Arundhati Roy

Source: IMAGO / Hindustan Times

Arundhati Roy

Berlinale organisers said it respects the decision made by Indian author Arundhati Roy to pull out of a scheduled appearance due to comments made by jury president Wim Wenders.

At the press conference on Wednesday, Wenders said in response to a question about the political side of the festival: “We have to stay out of politics. If we make movies that are dedicatedly political, we enter the field of politics. But we are the counterweight to politics.”

Roy was due to attend the festival to present 1989 short In Which Annie Give It Those Ones, which she wrote and is part of the Classics strand.

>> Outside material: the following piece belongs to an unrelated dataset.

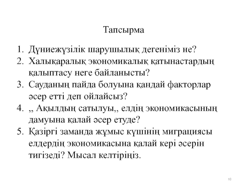 Тапсырма Дүниежүзілік шарушылық дегеніміз не?Халықаралық экономикалық қатынастардың қалыптасу неге байланысты?Сауданың пайда болуына қандай факторлар әсер етті деп

However, in a statement made to the press in India, Roy said she will now not attend, in response to what she described as “unconscionable statements made by members of the jury”, 

“To hear them say that art should not be political is jaw-dropping,” she continued. ”It is a way of shutting down a conversation about a crime against humanity even as it unfolds before us in real time – when artists, writers and filmmakers should be doing everything in their power to stop it.”

The Berlinale has responded, saying it ”respects this decision,” and added: ”We regret that we will not welcome her as her presence would have enriched the festival discourse.”

The Berlinale has navigated several political rows in recent years, including criticism of its reaction to the speech from No Other Land directors Basel Adra and Yuval Abraham at the 2024 awards ceremony, and the invitation and then disinvitation of five politicians from the right-wing German political party AfD.

Roy is the author of Booker prize winner The God Of Small Things and The Ministry Of Utmost Happiness. She is an outspoken critic of Israel.

Read Roy’s full statement below.

In Which Annie Gives It Those Ones, a whimsical film that I wrote 38 years ago, was selected to be screened under the Classics section at the Berlinale 2026. There was something sweet and wonderful about this for me.

Although I have been profoundly disturbed by the positions taken by the German government and various German cultural institutions on Palestine, I have always received political solidarity when I have spoken to German audiences about my views on the genocide in Gaza. This is what made it possible for me to think of attending the screening of Annie at the Berlinale.

This morning, like millions of people across the world, I heard the unconscionable statements made by members of the jury of the Berlin film festival when they were asked to comment about the genocide in Gaza. To hear them say that art should not be political is jaw-dropping. It is a way of shutting down a conversation about a crime against humanity even as it unfolds before us in real time – when artists, writers and filmmakers should be doing everything in their power to stop it.

Let me say this clearly: what has happened in Gaza, what continues to happen, is a genocide of the Palestinian people by the State of Israel. It is supported and funded by the governments of the United States and Germany, as well as several other countries in Europe, which makes them complicit in the crime.

If the greatest filmmakers and artists of our time cannot stand up and say so, they should know that history will judge them. I am shocked and disgusted.

With deep regret, I must say that I will not be attending the Berlinale.